Doctor :   she needs an psychiatric evaluation
User :   nothing physical would explain it all?
User :   Is this how Alzheimer's looks in beginning?
Doctor :   your neuro has had a look and ruled out dementia
User :   yes that's what XXXXXXXX said, the neuro told her to NOT take med for dementia
User :   Would small dose of Exelon help her? I was put on Exelon for my forgetfulness & it helped me.
Doctor :   more so she has a behavioral problem
Doctor :   you need to get an psychiatric opinion for that
User :   Can you explain? I don't understand. How she is now is nothing like she was before the big incident in June 2009 with the low BS.
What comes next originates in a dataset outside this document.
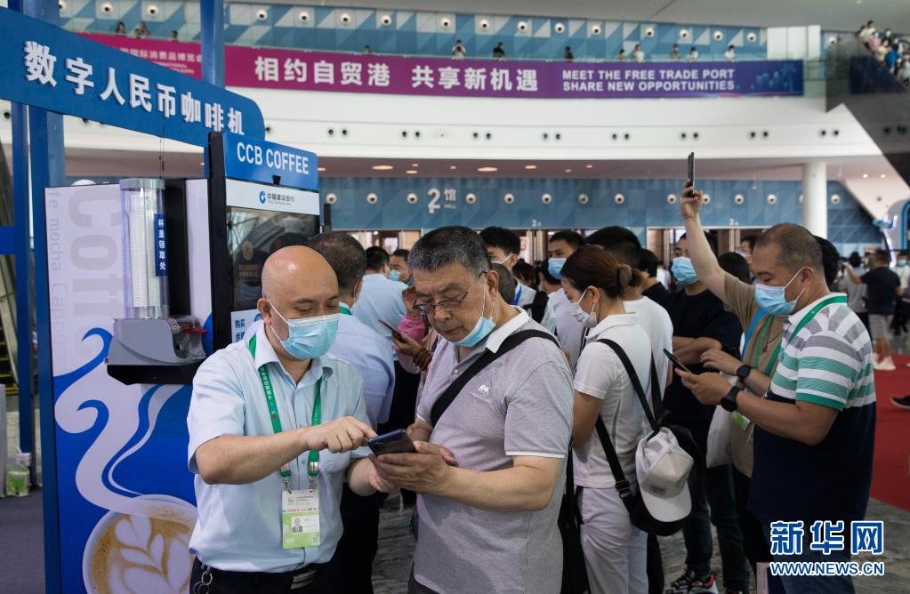 在??谂e行的首屆中國國際消費品博覽會上,參觀者體驗數字人民幣咖啡機(2021年5月10日攝)。新華社記者 金立旺 攝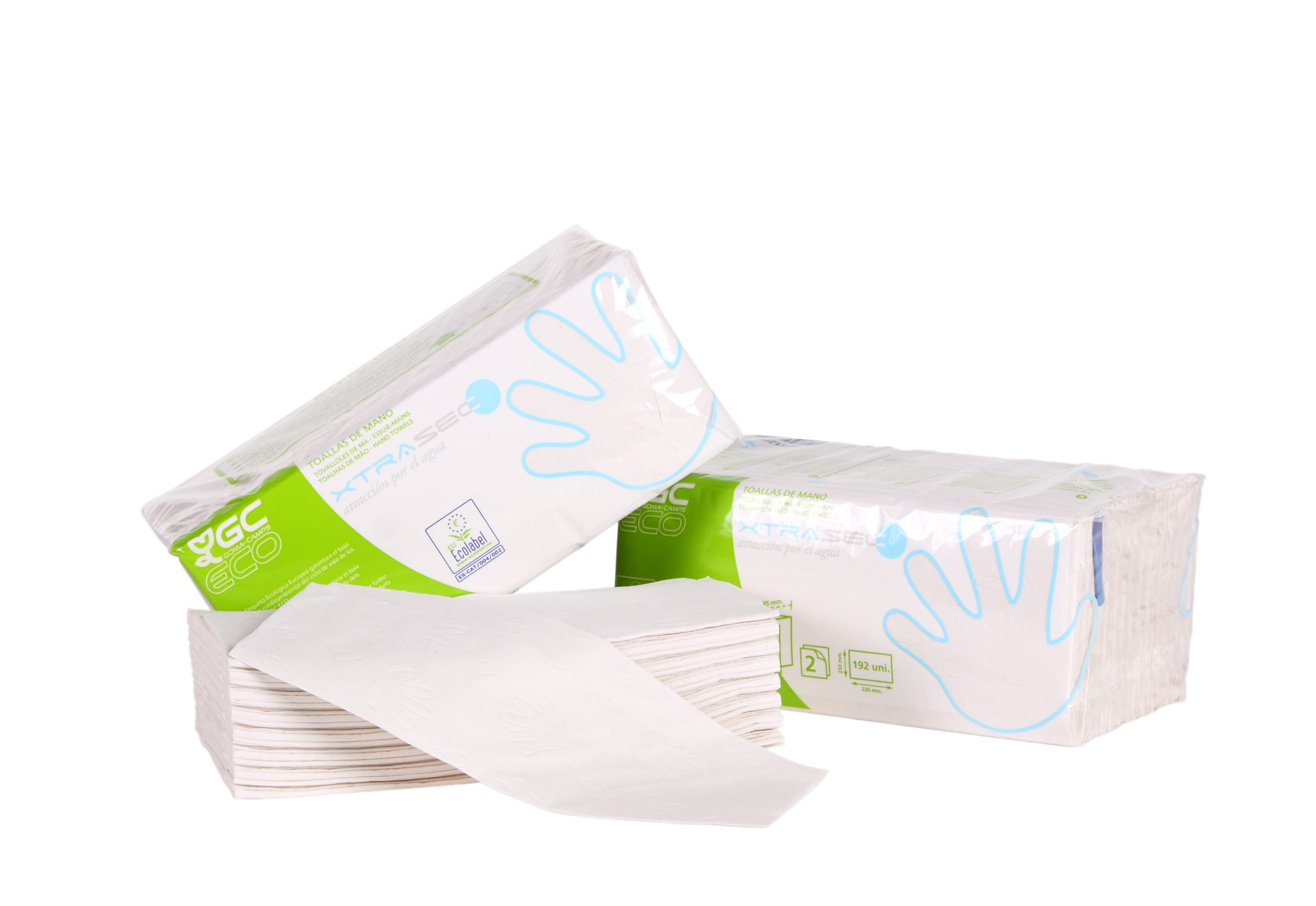 ESSUIE MAINS en feuilles pliées en Z ouate blanche recyclées 2 plis  Goma-Camps  ÉCOLABEL

User :   Before... she could recall months ago.... phone numbers rarely called... all the long chemical names for meds... could add complex numbers in her head...
Doctor :   ok
User :   NOW, if i ask her to get 2 items at store, she has to write both down
Doctor :   yes it is the problem
User :   She has been an Air Tradfic Controller; an Episcopal priest; and a Nursing Aid
Doctor :   ok
User :   She can't speak a sermon now
Doctor :   ok
User :   She can't write it... skips words or repeats words
Doctor :   ok
User :   I have known her for 14 yrs. i don't think this is psych.
User :   She looks LOST
User :   Like a vulnerable child--when it is bad
Doctor :   ok
User :   I've had to have someone drive her home 4 x since June. In 30 days she had 4 accidents-- had a perfect driving record before June 2009
Doctor :   ok
User :   Could it be what her Dr thinks: chronic adrenal infufficiency??
Doctor :   may be
User :   Here's my big concern:: Do I need to make plans for her to live with me? is this treatable or will she decline more. That is my worry. She has no one but me.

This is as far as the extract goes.